— Work order —
Please output exactly the part of the records below that opens with the line containing "Leila steppped away" and closes with the line containing "На текущий момент", both lines included, and nothing else.

— Data supplied —
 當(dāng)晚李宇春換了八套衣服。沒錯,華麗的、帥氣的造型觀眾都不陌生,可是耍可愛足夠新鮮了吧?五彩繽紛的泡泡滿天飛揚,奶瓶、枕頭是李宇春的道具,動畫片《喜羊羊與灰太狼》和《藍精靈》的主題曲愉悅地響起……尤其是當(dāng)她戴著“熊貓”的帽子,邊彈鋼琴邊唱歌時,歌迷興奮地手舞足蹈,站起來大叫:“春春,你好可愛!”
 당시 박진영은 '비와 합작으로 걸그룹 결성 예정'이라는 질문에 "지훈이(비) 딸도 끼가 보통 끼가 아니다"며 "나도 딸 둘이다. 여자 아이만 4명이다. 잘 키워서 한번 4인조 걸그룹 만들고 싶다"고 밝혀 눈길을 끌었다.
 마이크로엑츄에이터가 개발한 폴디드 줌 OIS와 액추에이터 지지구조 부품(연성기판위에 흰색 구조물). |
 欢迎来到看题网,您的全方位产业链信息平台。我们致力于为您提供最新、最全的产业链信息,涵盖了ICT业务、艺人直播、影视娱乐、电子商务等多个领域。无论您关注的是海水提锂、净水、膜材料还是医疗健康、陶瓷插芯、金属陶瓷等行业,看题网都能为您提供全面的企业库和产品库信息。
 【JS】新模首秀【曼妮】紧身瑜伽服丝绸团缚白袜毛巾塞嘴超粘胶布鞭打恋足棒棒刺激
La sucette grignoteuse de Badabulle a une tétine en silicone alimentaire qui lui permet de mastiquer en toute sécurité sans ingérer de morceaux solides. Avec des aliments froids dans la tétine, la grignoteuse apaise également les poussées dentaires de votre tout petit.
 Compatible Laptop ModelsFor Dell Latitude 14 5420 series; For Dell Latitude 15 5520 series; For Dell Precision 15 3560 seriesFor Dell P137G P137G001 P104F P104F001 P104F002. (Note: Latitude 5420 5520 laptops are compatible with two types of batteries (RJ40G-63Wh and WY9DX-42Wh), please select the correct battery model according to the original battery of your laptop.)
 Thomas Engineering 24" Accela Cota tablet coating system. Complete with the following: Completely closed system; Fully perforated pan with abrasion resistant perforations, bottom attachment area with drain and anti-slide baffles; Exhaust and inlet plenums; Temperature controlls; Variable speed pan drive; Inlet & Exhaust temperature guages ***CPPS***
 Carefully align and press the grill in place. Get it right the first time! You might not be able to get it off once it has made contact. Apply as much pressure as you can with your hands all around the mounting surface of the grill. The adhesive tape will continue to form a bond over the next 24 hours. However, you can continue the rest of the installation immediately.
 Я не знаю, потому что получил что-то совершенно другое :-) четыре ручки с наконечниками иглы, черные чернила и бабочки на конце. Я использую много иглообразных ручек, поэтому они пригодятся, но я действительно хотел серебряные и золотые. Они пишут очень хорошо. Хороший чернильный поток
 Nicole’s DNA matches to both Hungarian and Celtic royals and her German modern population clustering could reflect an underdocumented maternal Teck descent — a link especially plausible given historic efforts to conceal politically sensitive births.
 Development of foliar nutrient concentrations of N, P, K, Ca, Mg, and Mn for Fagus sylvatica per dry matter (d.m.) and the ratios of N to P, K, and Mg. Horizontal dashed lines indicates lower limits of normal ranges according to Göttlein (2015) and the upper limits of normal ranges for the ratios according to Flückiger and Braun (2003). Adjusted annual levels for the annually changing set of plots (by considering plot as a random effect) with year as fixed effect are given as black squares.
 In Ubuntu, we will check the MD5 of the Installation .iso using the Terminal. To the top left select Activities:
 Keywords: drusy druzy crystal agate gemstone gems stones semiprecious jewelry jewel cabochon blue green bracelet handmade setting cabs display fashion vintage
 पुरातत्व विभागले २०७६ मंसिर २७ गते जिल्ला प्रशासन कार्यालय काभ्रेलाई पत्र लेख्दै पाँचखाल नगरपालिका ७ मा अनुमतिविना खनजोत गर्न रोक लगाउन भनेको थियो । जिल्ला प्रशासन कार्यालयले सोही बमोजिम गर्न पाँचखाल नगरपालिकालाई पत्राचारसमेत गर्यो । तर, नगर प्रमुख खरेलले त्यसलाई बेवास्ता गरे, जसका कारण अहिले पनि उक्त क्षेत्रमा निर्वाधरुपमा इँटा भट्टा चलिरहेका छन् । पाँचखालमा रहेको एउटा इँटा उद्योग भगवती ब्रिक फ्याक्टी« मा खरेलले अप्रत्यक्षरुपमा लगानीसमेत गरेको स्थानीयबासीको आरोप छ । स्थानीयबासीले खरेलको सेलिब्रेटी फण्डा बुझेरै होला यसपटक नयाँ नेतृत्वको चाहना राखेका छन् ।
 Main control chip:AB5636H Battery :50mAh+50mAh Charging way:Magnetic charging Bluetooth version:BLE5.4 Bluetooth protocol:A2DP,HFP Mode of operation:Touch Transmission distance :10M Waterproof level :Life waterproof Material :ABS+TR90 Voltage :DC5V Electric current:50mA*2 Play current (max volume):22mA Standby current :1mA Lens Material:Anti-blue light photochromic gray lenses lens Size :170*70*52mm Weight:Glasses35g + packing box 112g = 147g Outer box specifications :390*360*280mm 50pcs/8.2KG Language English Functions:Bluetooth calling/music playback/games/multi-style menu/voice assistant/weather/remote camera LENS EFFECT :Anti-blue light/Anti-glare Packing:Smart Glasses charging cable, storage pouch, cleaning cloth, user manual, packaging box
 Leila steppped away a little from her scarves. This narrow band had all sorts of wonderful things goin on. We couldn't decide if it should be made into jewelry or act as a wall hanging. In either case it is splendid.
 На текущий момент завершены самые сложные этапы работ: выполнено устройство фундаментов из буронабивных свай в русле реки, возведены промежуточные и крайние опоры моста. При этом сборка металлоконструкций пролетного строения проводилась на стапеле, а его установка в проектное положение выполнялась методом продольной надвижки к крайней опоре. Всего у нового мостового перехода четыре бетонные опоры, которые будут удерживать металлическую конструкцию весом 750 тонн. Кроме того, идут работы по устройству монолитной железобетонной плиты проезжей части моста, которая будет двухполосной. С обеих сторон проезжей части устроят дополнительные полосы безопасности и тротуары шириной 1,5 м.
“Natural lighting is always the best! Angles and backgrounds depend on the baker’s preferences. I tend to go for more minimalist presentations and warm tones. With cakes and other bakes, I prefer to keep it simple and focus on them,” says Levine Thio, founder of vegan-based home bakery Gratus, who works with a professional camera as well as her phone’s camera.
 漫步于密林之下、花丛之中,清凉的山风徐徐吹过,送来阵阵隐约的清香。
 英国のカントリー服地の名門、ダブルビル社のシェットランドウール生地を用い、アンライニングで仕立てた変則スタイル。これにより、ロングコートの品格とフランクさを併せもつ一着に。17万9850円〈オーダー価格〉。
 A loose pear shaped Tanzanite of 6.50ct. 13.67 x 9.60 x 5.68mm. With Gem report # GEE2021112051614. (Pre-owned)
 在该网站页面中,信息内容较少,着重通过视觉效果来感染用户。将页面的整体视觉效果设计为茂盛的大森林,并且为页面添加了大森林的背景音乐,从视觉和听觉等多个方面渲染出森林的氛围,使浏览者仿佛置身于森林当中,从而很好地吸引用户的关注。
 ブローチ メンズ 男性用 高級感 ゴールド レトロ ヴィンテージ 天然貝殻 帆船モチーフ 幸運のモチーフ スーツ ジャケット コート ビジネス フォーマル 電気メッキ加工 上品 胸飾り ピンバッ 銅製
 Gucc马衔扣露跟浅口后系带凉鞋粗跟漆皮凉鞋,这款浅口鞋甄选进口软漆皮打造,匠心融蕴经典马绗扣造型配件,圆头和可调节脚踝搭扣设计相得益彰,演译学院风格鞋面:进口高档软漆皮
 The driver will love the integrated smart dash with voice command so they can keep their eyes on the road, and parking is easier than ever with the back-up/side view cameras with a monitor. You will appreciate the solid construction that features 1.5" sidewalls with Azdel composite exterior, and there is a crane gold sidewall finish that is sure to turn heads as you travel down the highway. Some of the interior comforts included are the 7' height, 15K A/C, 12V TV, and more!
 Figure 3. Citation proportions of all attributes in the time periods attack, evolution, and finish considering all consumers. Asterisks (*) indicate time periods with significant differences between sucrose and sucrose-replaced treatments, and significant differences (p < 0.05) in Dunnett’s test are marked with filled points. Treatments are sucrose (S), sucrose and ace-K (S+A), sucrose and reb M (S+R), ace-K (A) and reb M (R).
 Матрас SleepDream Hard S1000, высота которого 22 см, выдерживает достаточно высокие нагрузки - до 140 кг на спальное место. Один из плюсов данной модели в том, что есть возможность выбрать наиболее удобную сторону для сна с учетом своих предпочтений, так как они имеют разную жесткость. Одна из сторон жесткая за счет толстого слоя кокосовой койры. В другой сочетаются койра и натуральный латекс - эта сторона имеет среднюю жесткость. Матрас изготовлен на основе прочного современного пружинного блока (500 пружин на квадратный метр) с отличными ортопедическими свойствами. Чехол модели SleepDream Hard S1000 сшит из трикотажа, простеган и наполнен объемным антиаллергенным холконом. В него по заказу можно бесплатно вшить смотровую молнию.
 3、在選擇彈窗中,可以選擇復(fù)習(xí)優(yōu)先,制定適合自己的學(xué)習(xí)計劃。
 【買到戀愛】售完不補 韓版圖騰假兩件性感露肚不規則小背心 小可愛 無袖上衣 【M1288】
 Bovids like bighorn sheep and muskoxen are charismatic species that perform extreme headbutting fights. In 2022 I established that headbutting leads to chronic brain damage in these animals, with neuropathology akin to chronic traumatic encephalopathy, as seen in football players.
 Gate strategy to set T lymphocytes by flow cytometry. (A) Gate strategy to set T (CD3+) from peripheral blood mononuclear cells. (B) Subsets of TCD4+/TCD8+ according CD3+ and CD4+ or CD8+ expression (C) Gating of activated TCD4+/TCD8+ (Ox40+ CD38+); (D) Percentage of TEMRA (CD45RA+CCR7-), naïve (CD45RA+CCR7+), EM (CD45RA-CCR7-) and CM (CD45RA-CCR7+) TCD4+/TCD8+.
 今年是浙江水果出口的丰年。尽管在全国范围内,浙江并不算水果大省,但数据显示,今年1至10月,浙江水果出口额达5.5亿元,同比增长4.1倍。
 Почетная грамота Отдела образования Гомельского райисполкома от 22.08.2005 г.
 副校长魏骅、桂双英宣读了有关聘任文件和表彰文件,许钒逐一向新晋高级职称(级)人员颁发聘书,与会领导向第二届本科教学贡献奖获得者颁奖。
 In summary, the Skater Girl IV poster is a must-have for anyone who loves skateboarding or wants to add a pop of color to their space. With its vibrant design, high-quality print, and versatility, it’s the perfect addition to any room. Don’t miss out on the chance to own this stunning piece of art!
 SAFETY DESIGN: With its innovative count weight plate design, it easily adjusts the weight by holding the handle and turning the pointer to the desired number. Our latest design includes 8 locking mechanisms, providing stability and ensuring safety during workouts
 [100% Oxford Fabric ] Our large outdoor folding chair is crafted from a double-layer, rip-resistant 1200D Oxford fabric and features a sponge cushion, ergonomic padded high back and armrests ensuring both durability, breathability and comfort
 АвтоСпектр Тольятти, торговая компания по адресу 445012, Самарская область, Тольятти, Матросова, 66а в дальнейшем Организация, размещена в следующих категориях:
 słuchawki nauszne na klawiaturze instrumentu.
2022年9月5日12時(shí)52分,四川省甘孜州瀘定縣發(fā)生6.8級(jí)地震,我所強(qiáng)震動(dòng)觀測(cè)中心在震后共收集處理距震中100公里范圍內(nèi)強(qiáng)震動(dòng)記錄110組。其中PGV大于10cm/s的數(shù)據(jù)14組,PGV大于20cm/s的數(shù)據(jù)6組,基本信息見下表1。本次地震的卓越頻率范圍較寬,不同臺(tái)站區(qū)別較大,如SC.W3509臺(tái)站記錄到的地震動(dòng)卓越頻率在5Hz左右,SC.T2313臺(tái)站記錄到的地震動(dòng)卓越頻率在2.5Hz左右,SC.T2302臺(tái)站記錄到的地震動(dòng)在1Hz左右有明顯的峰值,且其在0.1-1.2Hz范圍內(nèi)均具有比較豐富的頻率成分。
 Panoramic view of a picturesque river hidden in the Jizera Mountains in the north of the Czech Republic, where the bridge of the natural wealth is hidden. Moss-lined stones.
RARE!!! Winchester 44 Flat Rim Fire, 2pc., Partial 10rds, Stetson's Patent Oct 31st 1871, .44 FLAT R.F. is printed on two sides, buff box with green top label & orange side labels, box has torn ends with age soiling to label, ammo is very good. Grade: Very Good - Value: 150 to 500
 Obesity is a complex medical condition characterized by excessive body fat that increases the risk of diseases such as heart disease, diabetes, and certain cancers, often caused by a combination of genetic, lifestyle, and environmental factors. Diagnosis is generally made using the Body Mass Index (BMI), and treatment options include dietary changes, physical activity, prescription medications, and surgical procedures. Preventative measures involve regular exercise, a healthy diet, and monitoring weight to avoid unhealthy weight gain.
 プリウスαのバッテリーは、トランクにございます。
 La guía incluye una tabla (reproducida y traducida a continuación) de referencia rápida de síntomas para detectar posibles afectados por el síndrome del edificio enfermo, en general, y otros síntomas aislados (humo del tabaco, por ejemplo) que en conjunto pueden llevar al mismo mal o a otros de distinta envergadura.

— Completed task —
 Leila steppped away a little from her scarves. This narrow band had all sorts of wonderful things goin on. We couldn't decide if it should be made into jewelry or act as a wall hanging. In either case it is splendid.
 На текущий момент завершены самые сложные этапы работ: выполнено устройство фундаментов из буронабивных свай в русле реки, возведены промежуточные и крайние опоры моста. При этом сборка металлоконструкций пролетного строения проводилась на стапеле, а его установка в проектное положение выполнялась методом продольной надвижки к крайней опоре. Всего у нового мостового перехода четыре бетонные опоры, которые будут удерживать металлическую конструкцию весом 750 тонн. Кроме того, идут работы по устройству монолитной железобетонной плиты проезжей части моста, которая будет двухполосной. С обеих сторон проезжей части устроят дополнительные полосы безопасности и тротуары шириной 1,5 м.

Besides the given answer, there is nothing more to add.